■ **What is expected**:
The required output holds only the lines from the one containing "Introducing this season's" through the end of the material below, copied exactly, please, with no pictures.

■ **Recorded data**:
###

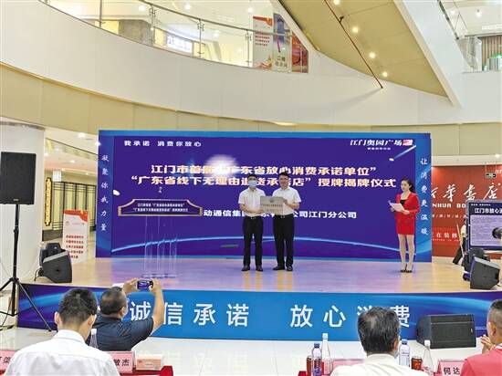 羊城晚报讯 记者陈卓栋,通讯员黄婧、谭耀广摄影报道:23日上午,江门对首批“广东省放心消费承诺单位”和“广东省线下无理由退货承诺店”(下称“双承诺单位”)进行授牌。记者了解到,江门首批“双承诺单位”共58家,其中40家为“广东省放心消费承诺单位”,其余18家为“广东省线下无理由退货承诺店”。
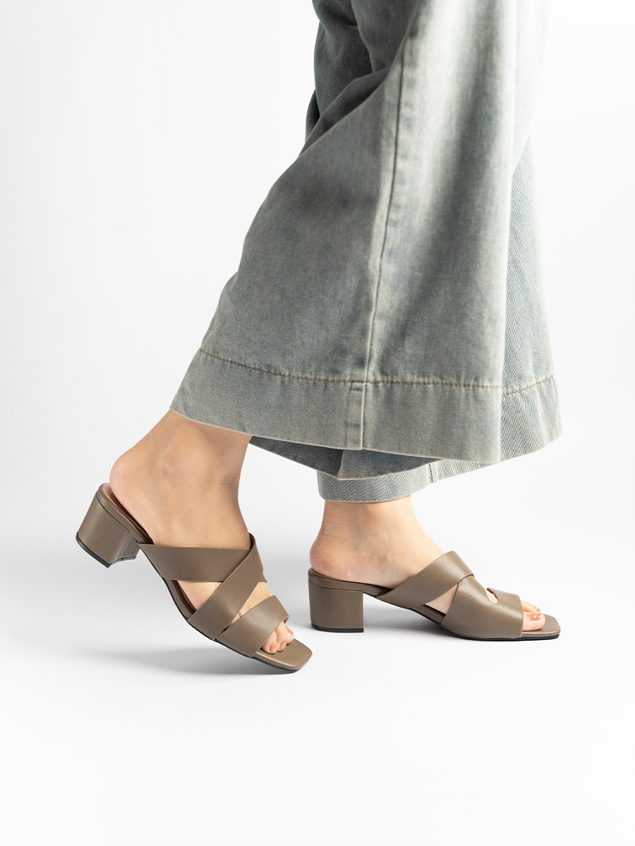 Introducing this season's favourite sandal heels - Jessica Mid Heel Mules. Set on 5.5cm mid heels and featuring an open-toe design, they are the perfect staple heels for stylish women. We uplift the look by featuring a chic cross strap design at the front arch of the sandals. Crafted from high-quality leather, Jessica offer durability and a timeless look, perfect for any casual outing. Elevate your summer wardrobe with this versatile footwear that pairs beautifully with shorts, dresses, or beachwear.
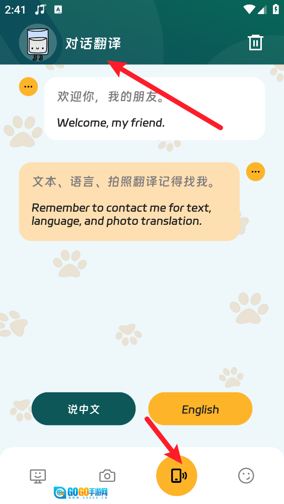 7、最后还可以根据需求开启对话翻译。
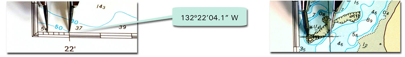 Plot the longitude co-ordinate on the chart border using dividers. Mark this distance on the chart.

###

■ **Your response**:
 Introducing this season's favourite sandal heels - Jessica Mid Heel Mules. Set on 5.5cm mid heels and featuring an open-toe design, they are the perfect staple heels for stylish women. We uplift the look by featuring a chic cross strap design at the front arch of the sandals. Crafted from high-quality leather, Jessica offer durability and a timeless look, perfect for any casual outing. Elevate your summer wardrobe with this versatile footwear that pairs beautifully with shorts, dresses, or beachwear.
 7、最后还可以根据需求开启对话翻译。
 Plot the longitude co-ordinate on the chart border using dividers. Mark this distance on the chart.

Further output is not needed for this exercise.